As an example we recently had a young woman contact us whose husband died after falling in the kitchen and hitting his head resulting in a skull fracture and subdural hematoma. MetLife denied her claim for Accidental Death benefits under the “illness exclusion” because the death certificate indicated that a contributing cause of death was a “seizure disorder.” The claim was that her husband fell because of a seizure. However, a close review of the medical records reflected that her husband did not suffer from a seizure disorder but rather experienced a seizure after hitting his head. Additionally, even if his fall had been caused by a seizure, the seizure was not the cause of death. The cause of death was the skull fracture and subdural hematoma.


Stennett & Casino convinced MetLife to pay the full amount of policy benefits plus interest without having to file suit.


May 6th, 2016

Our client was a 64 year old second grade bi-lingual teacher who fell hitting her forehead into a concrete wall. She immediately lost consciousness but believed she was okay.  Over the next several days her family noticed that she was incoherent so she did not return to work but had a substitute teacher cover her classes.

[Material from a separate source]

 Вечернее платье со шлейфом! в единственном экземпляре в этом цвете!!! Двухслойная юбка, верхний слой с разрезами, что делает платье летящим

She filed a claim for disability benefits with Standard Insurance Company. They paid her benefits for a year and a half when her benefirs were terminated.  She hired Stennett & Casino to handle her appeal.

It was obvious to us that our client suffered a traumatic brain injury. In order to prove her disability we had her undergo neuropsychological testing. The testing supported her injury.

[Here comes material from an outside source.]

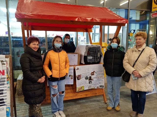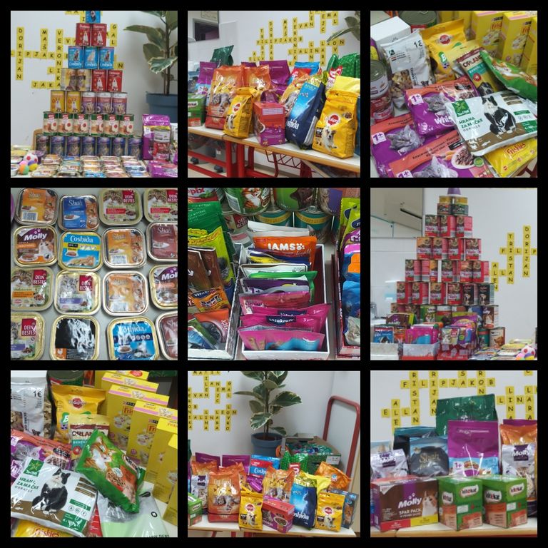 V treh tednih, kolikor je na šoli trajala akcija, smo zbrali skoraj 100 kilogramov mačje in pasje hrane. Odločili smo se, da naredimo malce drugačen zaključek akcije in to izven zidov naše šole. V sredo, 17. novembra, smo od 16. do 18. ure na stojnici pred supermarketom Tuš v Vojniku zbirali prispevke mimoidočih in predstavljali društvo. Na stojnici smo bile predstavnice Šolskega parlamenta, predstavnici društva, družbo pa nam je delal tudi čudovit maček Dixy, ki je privabil kar nekaj pogledov mimoidočih. Vzdušje je bilo odlično, veliko je bilo dobre volje, klepetanja, obiskali so nas tudi predstavniki Novega tednika. Predstavnici društva sta parlamentarkama izročili simbolične nagrade podjetja Vivapen za učence naše šole. Ob koncu dneva smo ugotovili, da smo na stojnici dobili še dodatnih 40 kilogramov hrane, kar pomeni, da smo vsega skupaj zbrali kar 137,5 kg. Vsem, ki ste prispevali svoj delež, se najlepše zahvaljujemo v imenu naših kosmatih štirinožnih prijateljev.

Stennett & Casino submitted the testing as part of her appeal.  As a result Standard Insurance reopened her claim and paid the benefits owed her under her disability policy.

May 6th, 2016

Our client’s daughter died while she was an inpatient at a drug rehabilitation center due to the toxic effect of combining prescriptions for an anti-depressant with methadone which were both administered by the facility. The treating physicians should never have combined these 2 medications since they have a known toxic reaction.

The father’s claim for benefits under his accidental death policy with Life Insurance Company of North America (LINA) however was denied under an exclusion for death resulting from an illness or the treatment thereof. The father lived in Palmdale California and found the Law Offices of Stennett & Casino through a web search. Since we had handled several cases with similar issues he felt we were the right fit for his claim against the insurance carrier.

After filing an administrative appeal on the father’s behalf and then filing suit in the Los Angeles Federal District Court LINA (a subsidiary of CIGNA) continued to deny coverage. It wasn’t until Stennett & Casino filed a motion for judgment asking the court to confirm our interpretation of the policy that the insurer finally relented and paid under the policy.